◆ **Your task**: Would you print the listing that follows exactly, but without its pictures?

◆ **Data provided**:
=====

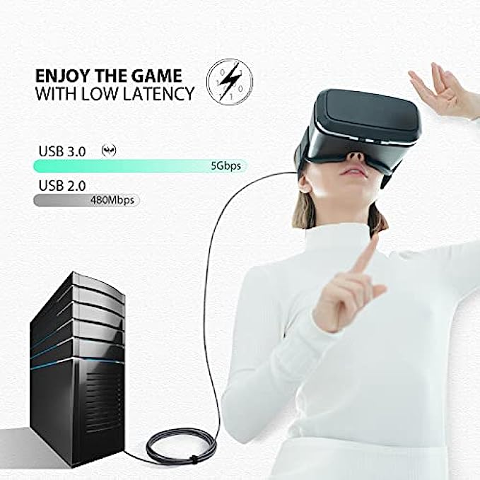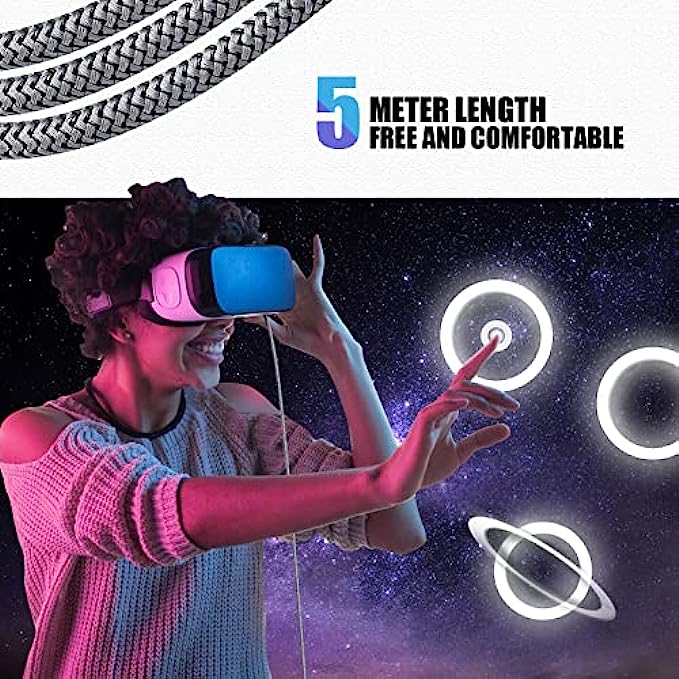 • 【Have fun with 16ft cable length】With this 5m link cable for oculus quest 2 you can have more freedom and space to enjoy the VR game without worrying that the wire is not long enough.
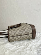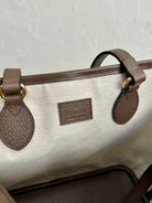 OPHIDIA SMALL TOTE BAG 31 BEIGE CANVAS AND BROWN CALFSKIN
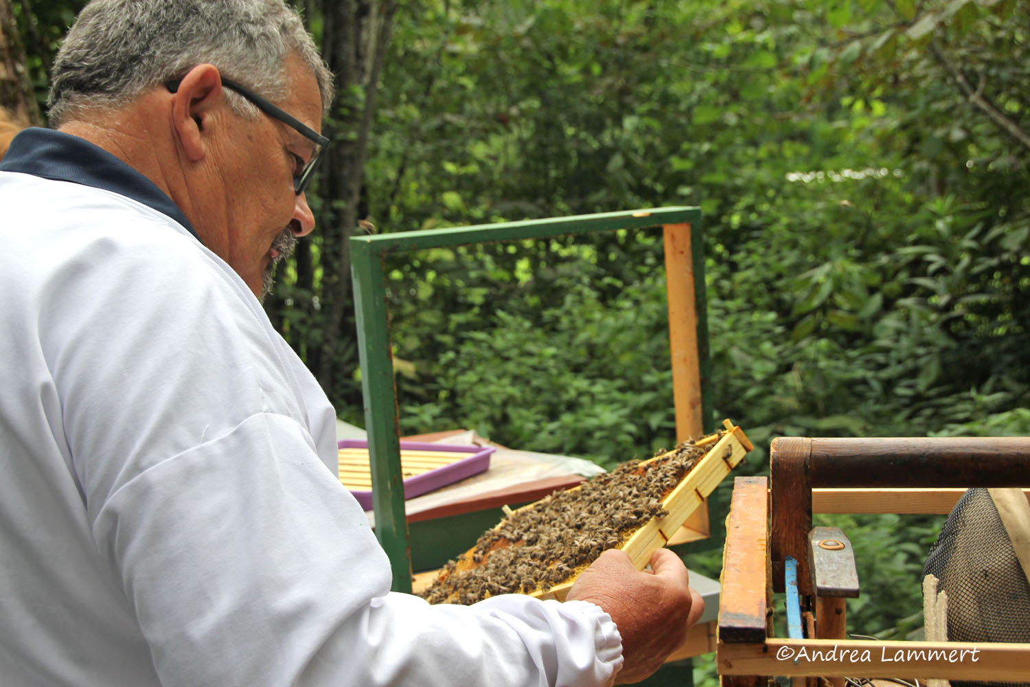 Dass sie so sanftmütig ist, erfahren wir gleich, denn Zwischenbrugger lässt uns in seinen Imkeralltag hineinschauen. Er hat in allen Kästen die Königin mit einem Punkt markiert, nur in einer Beute hat er sie noch nicht gefunden. Diese Beute öffnet er jetzt – ohne Netz oder Imkerhut. Auch wir stehen sehr nah an den Beuten – ohne Stichschutz. Zwischenbrugger nimmt gekonnt Rähmchen für Rähmchen aus den Holzkästen und sucht. Zwischen den tausenden von Bienen muss irgendwo die Königin sein. Nach einigen Versuchen hat er sie gefunden und greift sie vorsichtig mit bloßen Händen.
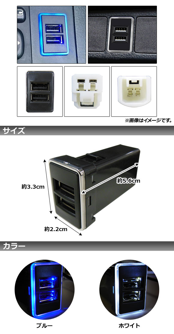 スイッチホールカバー ブルー QC3.0 USB2ポート トヨタ/スズキ/ダイハツ車汎用(Aタイプ) AP-EC670-BL |
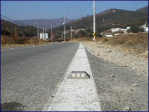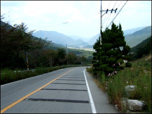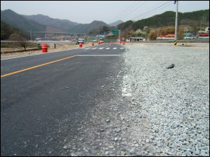 Especially in front of restaurants, but also a temporary road pavement, often coarse aggregate is used. The car tyres 'catch' the stones and take it to the main road. it is extremely dangerous for cyclists and the use of aggregate as pavement should be abandonned. (photo: Road no. 19 near Muju, Jeolla bukdo) |
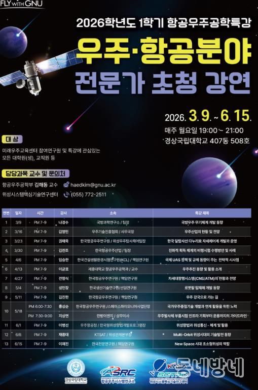 동네방네 김형규 기자 | 경상국립대학교 위성시스템핵심기술연구센터는 3월 9일부터 6월 15일까지 13차례에 걸쳐 우주‧항공 분야 전문가 초청강연을 진행한다.

=====

◆ **Solution to the problem**:
 • 【Have fun with 16ft cable length】With this 5m link cable for oculus quest 2 you can have more freedom and space to enjoy the VR game without worrying that the wire is not long enough.
 OPHIDIA SMALL TOTE BAG 31 BEIGE CANVAS AND BROWN CALFSKIN
 Dass sie so sanftmütig ist, erfahren wir gleich, denn Zwischenbrugger lässt uns in seinen Imkeralltag hineinschauen. Er hat in allen Kästen die Königin mit einem Punkt markiert, nur in einer Beute hat er sie noch nicht gefunden. Diese Beute öffnet er jetzt – ohne Netz oder Imkerhut. Auch wir stehen sehr nah an den Beuten – ohne Stichschutz. Zwischenbrugger nimmt gekonnt Rähmchen für Rähmchen aus den Holzkästen und sucht. Zwischen den tausenden von Bienen muss irgendwo die Königin sein. Nach einigen Versuchen hat er sie gefunden und greift sie vorsichtig mit bloßen Händen.
 スイッチホールカバー ブルー QC3.0 USB2ポート トヨタ/スズキ/ダイハツ車汎用(Aタイプ) AP-EC670-BL |
 Especially in front of restaurants, but also a temporary road pavement, often coarse aggregate is used. The car tyres 'catch' the stones and take it to the main road. it is extremely dangerous for cyclists and the use of aggregate as pavement should be abandonned. (photo: Road no. 19 near Muju, Jeolla bukdo) |
 동네방네 김형규 기자 | 경상국립대학교 위성시스템핵심기술연구센터는 3월 9일부터 6월 15일까지 13차례에 걸쳐 우주‧항공 분야 전문가 초청강연을 진행한다.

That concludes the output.